The challenges were stark, he says: “How do you improve care? How do you build back health systems better? What do you do, knowing they may not have the money to do a lot of things?”

Redemption Hospital in Monrovia, Liberia, in a 2018 photo. Photo by Corey Bills.

‘Incredibly spectacular’

It was about that time that the WHO was broadening its efforts to develop emergency care in resource-challenged settings. “One of the ways they thought they could be most useful was to promote simple tools that were not cost-prohibitive to improve the quality of care,” Bills says.

His recent paper– “Implementation of a Package of Emergency Care Interventions and Clinical Outcomes,” published in JAMA Network Open –evaluated one such set of interventions in the emergency unit at Redemption Hospital, which Bills describes as “small, largely cramped, and full of patients. Most of the direct patient care is performed by the nursing staff,with one or two physician assistants at most. A physician provides oversight,but isn’t there 100% of the time. The provider workload is incredibly spectacular.”

The interventions, introduced in 2019, included things that might be taken for granted at a fully-resourced U.S. hospital: A triage system to prioritize the sickest patients, standardized medical forms, dedicated beds for the most critical patients, and focused emergency care training through bedside teaching.

Comparing outcomes for 344 patients before these changes with those of 1,073 patients during the program, Bills and his colleagues found improvements in patient survival and better quality of care. Emergency-unit deaths fell from 13.5% to 7.1%, waiting time to see a doctor was reduced from an average of 102 minutes to 52 minutes, and hospital stays were shortened from an average of nine days to 4.6 days.

“To have the mortality rate cut in half by any intervention, that’s hard to come by,” Bills says.

Tourniquets are applied in a training exercise at Redemption Hospital. Photo by Corey Bills.

Training in Belize

In this hemisphere, Bills is the principal investigator on a project supported by the Laerdal Foundation to offer a community first aid response course in Belize, a Central American nation known to tourists as a resort and diving destination, but which also has elevated levels of poverty in some areas.

The course is for community members without medical training, he says. “In a lot of places there, you can’t call 911 to get people quickly from, say, the scene of a road accident to a hospital. So the main idea is for people in the community to be able to provide direct aid quickly.”

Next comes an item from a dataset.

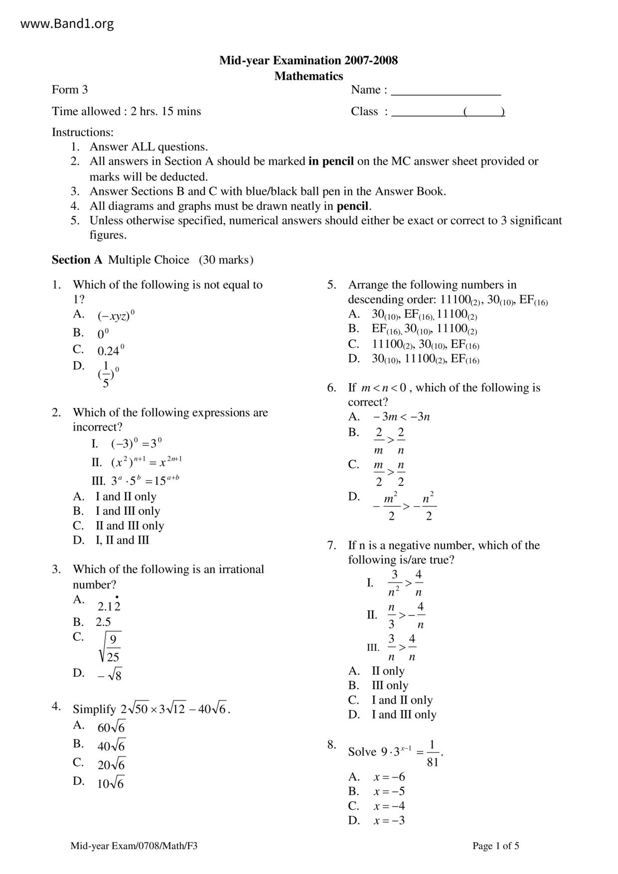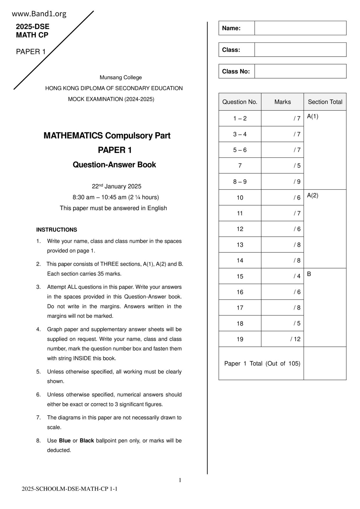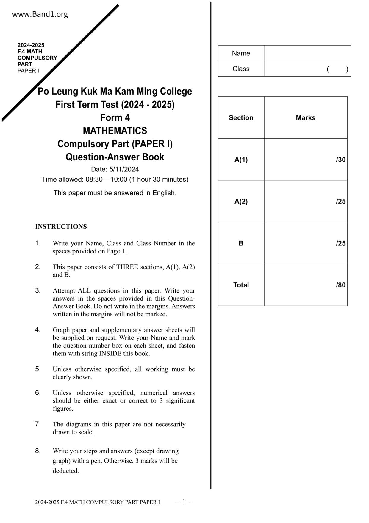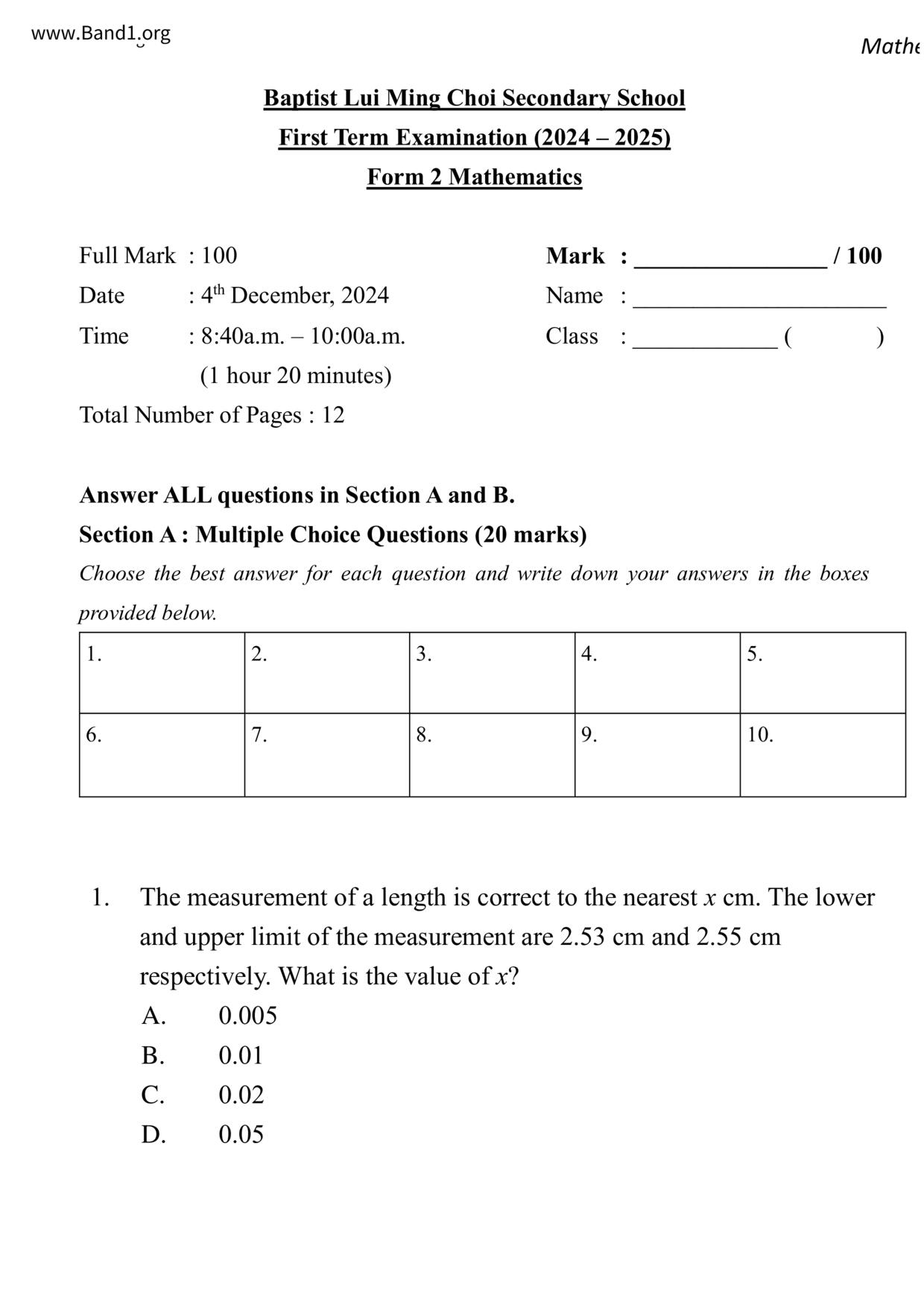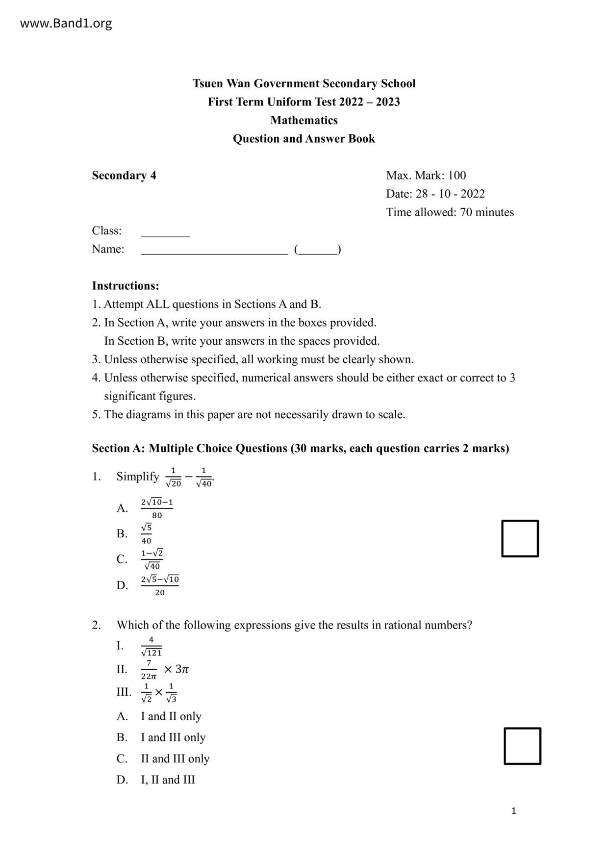 Deprecated: substr(): Passing null to parameter #1 ($string) of type string is deprecated in /home/band1.net/public_html/index.php on line 689 ★ 中小學數學試卷pdf Maths Past Paper - 香港中小學試卷pdf試題下載 ★

The first cohort– members of the national police system from throughout Belize – was trained recently, with the intention of having participants return home and train others.

In addition to his global studies, Bills cites complementary programs at CU Anschutz Emergency Medicine, such as the new cultural care initiative, led by Maddie Ross, MD, MPH, to help emergency department patients who primarily speak a language other than English connect with primary care and community resources.

Bills notes that Aurora, site of CU Anschutz, is a diverse city where immigrants make up a significant portion of the population.

“This is an incredibly gratifying place for me to work,” he says. “I get the best of both worlds: I get to think about health as it exists in other countries, and I get to think about it as it exists out our back door.”